Conoscendoli di persona, e vedendo la passione e la qualità delle loro azioni, contrapposte agli agricoltori che non senza una certa bestialità seguono i paradigmi dell’agroindustria chimica, provo una certa indignazione quando alcuni scienziati prestati alla politica avversano l’agricoltura naturale, perché vedo l’ennesimo caso in cui il profitto di pochi, cioè l’indotto collegato all’agricoltura industriale, prime fra tutte le industrie chimiche, cercano di aver ragione sul buon senso di molti, depauperandoli degli strumenti per la costituzione di una prosperità collettiva.
Nell’articolo ho apprezzato il modo dialogico in cui approcci la questione.

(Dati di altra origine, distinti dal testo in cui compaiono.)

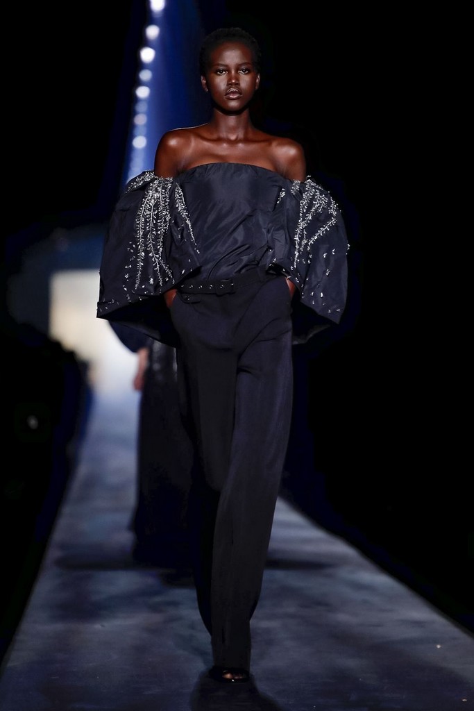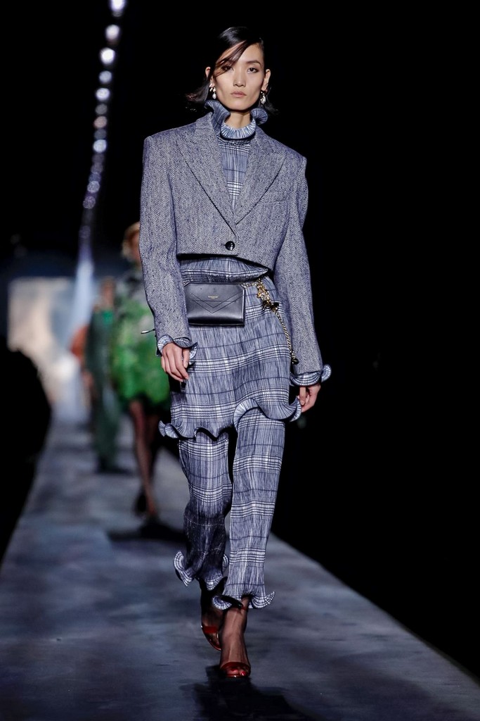 O inverno 2019 da Givenchy é um exercício de volumes em ombros e mangas. Clare Waight Keller, diretora criativa da marca, foi buscar nos anos 1980 e nos arquivos da marca inspiração para dar continuidade à desconstrução da silhueta perfeita sem perder de vista a elegância bem costurada em alfaiataria.

ho l’impressione che in contesti come questo del CICAP, nel tentativo di salvaguardare la razionalità logica portandola in primo piano, ci si spinga fino
alla negazione del la dimensione simbolica. quest’ultima infatti è solitamente vista come errore, deviazione da correggere, mentre è costitutiva dell’umano. se dal gesto
si toglie il suo valore simbolico-culturale-spirituale, rimane un atto disincarnato e meccanico, privato di significato. e questo vale per ogni ambito, non solo per
l’agricoltura. penso a tanta ritualità religiosa esposta al rischio di gesti vuoti, perché separati dal simbolico.
iside
“Abbiamo bisogno di saperci dentro un delicato equilibrio che ci chiede consapevolezza, rispetto, gratitudine, condivisione. Abbiamo bisogno di ricordare che siamo fondati fuori di noi, che non bastiamo a noi stessi, che la vita viene da altri, che ci dobbiamo ad Altro”.
Qui è il punto principale della svolta. La consapevolezza di questo è ciò che libera l’energia per superare difficoltà, autolimitazioni, capacità di attendere, rottura del circolo posso pagare quindi pretendo di avere.
Grazie dell’articolo molto equilibrato, non idealista, ben pensato con mente e cuore!